Optimizer Passes and Flows

Internal Structure

The hls4ml library will parse models from Keras, PyTorch or ONNX into an internal execution graph. This model graph is represented with the ModelGraph class. The nodes in this graph, corresponding to the layer and operations of the input model are represented by classes derived from the Layer base class.

Layers are required to have defined inputs and outputs that define how they are connected in the graph and what is the shape of their output. All information about the layer’s state and configuration is stored in its attributes. All weights, variables and data types are attributes and there are mapping views to sort through them. Layers can define expected attributes and can be verified for correctness, or to produce a list of configurable attributes that user can tweak.

Optimizer passes

To reach a state from which the code can be generated, the internal model graph undergoes a series of optimizations (transformations), dubbed optimization passes. All transformations of the model and any modification to any layer’s attributes must be implemented through an optimization pass. All optimizer passes derive from the OptimizerPass class. Optimizer passes are usually applied to nodes/layers; however, a special class ModelOptimizerPass exists that is applied on the full model. An example of a layer optimizer is fuse_biasadd, which adds a bias to a Dense, Conv1D, or Conv2D layer, while an example of an optimizer pass that runs on the full model is MakeStamp, which creates a unique number (stamp).

Subclasses of OptimizerPass must provide a criteria in match function that, if satisfied, will perform the transformation from transform function. The boolean return value of transform indicates if the optimizer pass made changes to the model graph that may require running the optimizers again. In that case, optimizers in a flow are run again.

Optimizers can be general, independent of the backend, in which case they are located in hls4ml.model.optimizer.passes, or they may be backend-specific, in which case they are located in a folder dependent on the backend, e.g., hls4ml.backends.vivado.passes or hls4ml.backends.quartus.passes. A common set of optimizers that are used by FPGA backends are located in hls4ml.backends.fpga.passes.

Certain optimizers are used frequently enough that it makes sense to define special classes, which inherit from OptimizerPass

GlobalOptimizerPass: An optimizer pass that matches each node. This is useful, for example, to transform the types for a particular backend.

LayerOptimizerPass: An optimizer pass that matches each node of a particular layer type. This is useful, for example, to write out the HLS code for a particular node that remains in the final graph.

ConfigurableOptimizerPass: An optimizer pass that has some configurable parameters.

Template: An optimizer pass that populates a code template and assigns it to an attribute of a given layer. This is commonly used to generate code blocks in later stages of the conversion.

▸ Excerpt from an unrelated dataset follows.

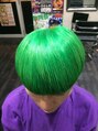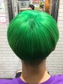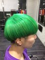 刈り上げマッシュヘアスタイル、ヘアカラーはダブルカラーでグリーン。

Note that LayerOptimizerPass and ModelOptimizerPass also exist as decorators that wrap a function.

New optimizers can be registered with the register_pass(). Optimizers should be assigned to a flow (see below).

Flows

A Flow is an ordered set of optimizers that represents a single stage in the conversion process. The optimizers from a flow are applied in sequence until they no longer make changes to the model graph (controlled by the transform return value), after which the next flow (stage) can start. Flows may require that other flows are applied before them, ensuring the model graph is in a desired state before a flow starts. The function register_flow() is used to register a new flow. Flows are applied on a model graph with apply_flow().

There are common model-level flows that can run regardless of the backend, and there are backend-specific flows. The convert and optimize flows do not depend on a backend.

Each backend provides provides a default flow that defines the default target for that backend. For example, the Vivado backend defaults to an IP flow that requires additional flows and produces an IP. It runs no optimizers itself, but it requires that many other flows (sub-flows) to have run. The convert and optimize flows defined above are some of these required sub-flows.

Another example is FIFO buffer depth optimization explained in the FIFO Buffer Depth Optimization section.